Mr Flanagan said he was affected by photographs of victims of the previous Gulf War. "I knew it would be a repetition. I knew hospitals would be full and understaffed. The main reason I came was to try to help the victims of the war. I felt the marriage would be blessed and our families would be blessed. I'm not over-religious, but I believe in God and pray."

His wife was "horrified" at his desire to come to Baghdad. His sister was upset, and his niece "went hysterical". But nothing would deter him. Armed only with a letter of recommendation from Dr Nooh al-Kaddo, the director of the Clonskeagh Mosque, Mr Flanagan arrived in Baghdad two days after the war started.

The vehicle he took from Amman had to shelter overnight next to a farmhouse, to escape being bombed. He spent two weeks visiting destroyed houses and hospitals, trying to comfort the victims.

Eight days ago, at 2 o'clock in the morning, six men in dark clothing banged on the door of Mr Flanagan's hotel room. "They looked very ominous," he said. "One had a Kalashnikov. The main heavy was the most vile-looking creature I've ever met."

The plainclothes Iraqi policemen told Mr Flanagan that a man fitting his description had been seen signalling to US aircraft. "I was frog-marched out of the hotel and into a car, and taken to a police cell."

Khalil al-Soudani, a Jordanian official with the Red Crescent relief agency who was staying in the same hotel as Mr Flanagan, was also arrested, "simply because he was associated with me." The cell had no bed, no toilet and was filthy.

For two days, Mr Flanagan was given no food or water. He paced the cell to keep sane. On the third day, his hands were bound with electrical wire and he was transferred to a police prison where he was given bread and an egg. "One of the guards gave me a biscuit, and while I was eating he said: 'When you finish, I am going to kill you'.

"I was trying to philosophise that we all have to die some time. There was constant bombing, close by. I thought the end had come. They had hooks coming down from the ceiling, and loose electrical wire. My imagination was playing tricks on me."

As the Americans entered Baghdad, Mr Flanagan's jailers began disappearing. "The first thing I heard were helicopters, then a lot of shooting. I knew they were very close."

In the end, the Red Crescent freed him from his cell. He spent the night of his liberation in hospital.

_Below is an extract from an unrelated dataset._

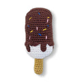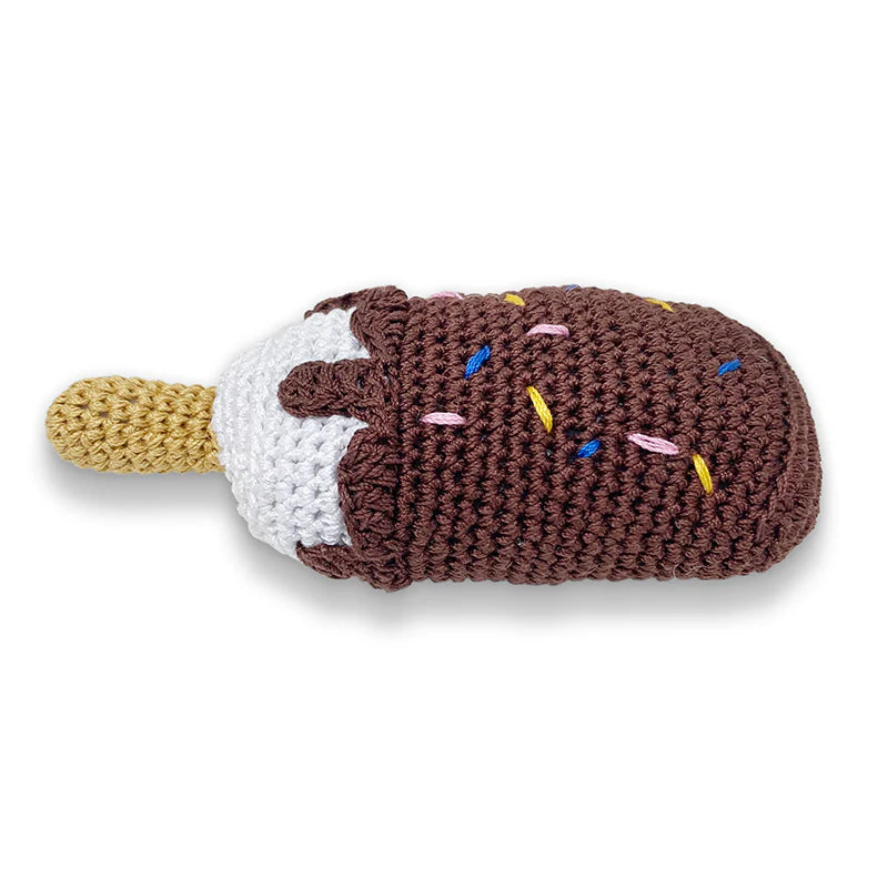 Chocolate Pop designed crochet toy. High quality handmade crochet dog toy with squeaker inside. Interlaced with hard cotton thread, designed to be durable, and flexible. It improves dental health by removing deposits of all the calculus while having fun. Toy measures about 4'' long.

When he returned to his hotel room, he found the secret police had stolen his passport, money and credit card. "All of this has no value," he said. "Compared to what's going on around us, what happened to me is unimportant.

"I helped a few people. I was able to talk to some of the injured men and children and console them in some way, even if it was just a few words to show them there was someone from the outside world who cared."